Scheme demonstrating the risks for biomaterial contamination with saliva in the oral environment when submitted to surgical procedures. Oral tissues are usually in constant contact with saliva, and the placement of biomaterials may generate early interactions. Created with BioRender.com.

Thus, after removing the limitations of laboratory studies, clinical studies showed that saliva interaction must be controlled with the maximum of effort to prevent alterations in all types of biomaterials previously inserted in the oral environment. The early saliva interaction is not a clear factor that results in unsuccessful treatments; however, it is reported as a significant element that may impair positive properties developed for rapid healing in biomaterials applied in oral regeneration [14,21].

Additionally, this review has some limitations due to the compilation of results from different authors providing a wide visualization of all possible alterations caused by early saliva interaction investigated until the current moment, in addition, due to the narrative methodology. Therefore, studies applying preclinical and clinical investigations should be prioritized for clinical conclusions.

8. Conclusions

Within the limitations of this critical review, different issues about the interaction between saliva and biomaterials for oral rehabilitation were clearly identified and elucidated. A constant tissue interaction and minimal biomaterial contact with saliva are almost inherent in surgical procedures involving dental implants, bone substitutes and membranes for guided regeneration. Therefore, some conclusions can be made after critical analysis of the investigations explored in this study:

Salivary pellicle formation over biomaterials is an extremely quick and natural process that occurs within the first minute of interaction with saliva. The pellicle thickness depends on the exposure time to saliva and on the physical–chemical properties of the substrate.

Accordingly to the physical–chemical studies explored, hydrophilic and hydrophobic characteristics are clearly altered by the interaction with saliva, causing substantial changes in biomaterials with surfaces designed for rapid healing. Moreover, rougher biomaterial surfaces showed high salivary protein adsorption.

Accordingly to the basic biological studies analyzed, biomaterial biocompatibility with different types of cells is significantly impaired after saliva interaction compared to biomaterials noncontaminated with saliva. In addition, salivary pellicle formation promoted specific conditions for bacterial adhesion and proliferation.
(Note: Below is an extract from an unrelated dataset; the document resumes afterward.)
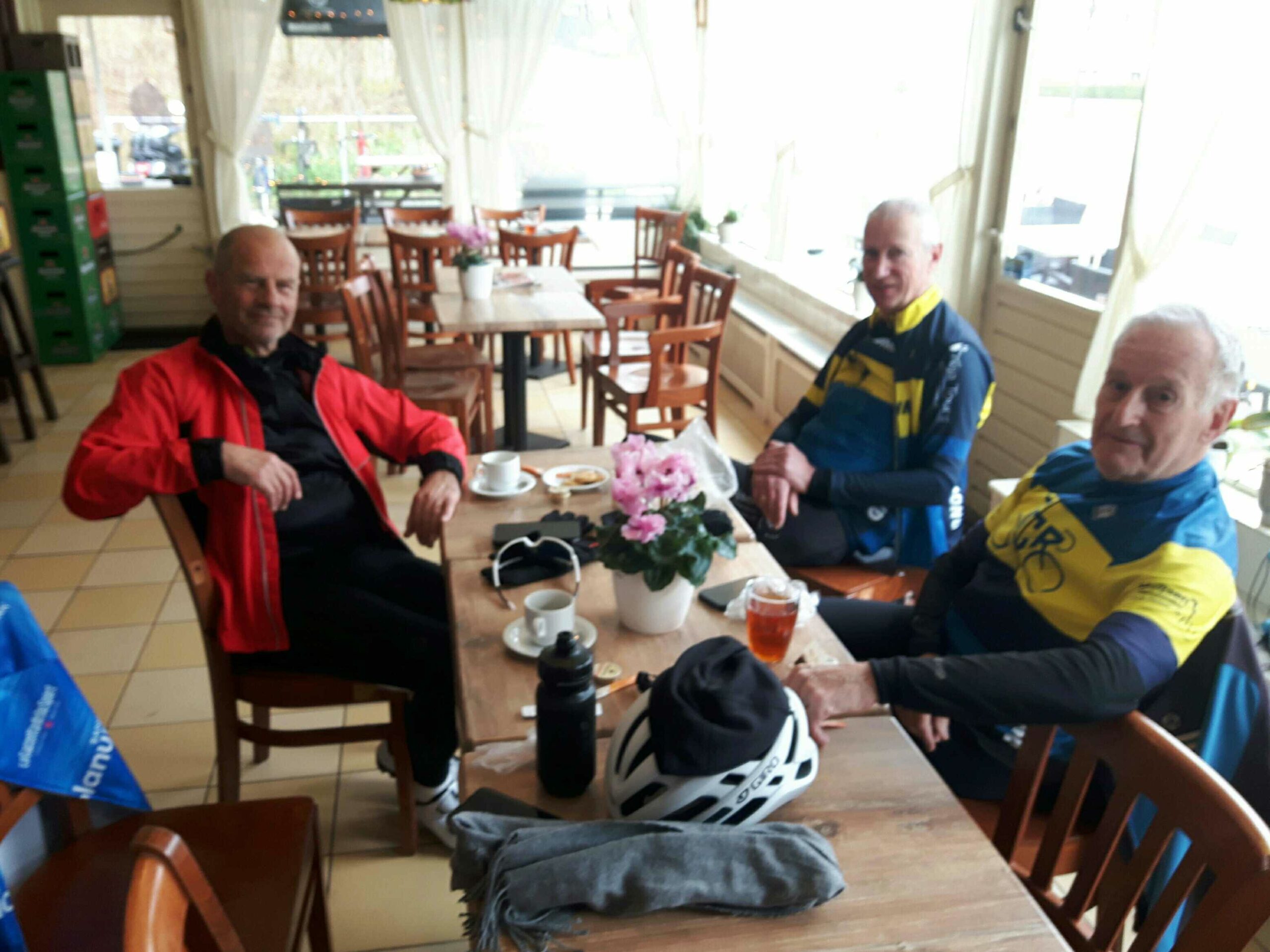 Daar zitten Rob en Sjaak al aan de koffie. Wij schuiven gezellig aan, zoals altijd een fijne sfeer en een prima bakkie (of thee). Daarna kiezen we voor de korte terugweg: via Ockenburg en Kwintsheul naar Schipluiden, door het Abtswoudse Bos, langs de Kandelaar en via het Beatrixpark weer richting huis. Vroeg thuis, makkelijk gefietst, en precies goed voor een dinsdag.

Clinically, there are no studies demonstrating that early saliva interaction is a factor for direct biomaterial rejections or infections. However, the saliva interaction can alter early biological responses at the surgical site that should be prevented. Efforts to control saliva invasion in surgical sites involving biomaterials for oral regeneration must be maximized to maintain all the basic physical–chemical–biological properties of the biomaterials.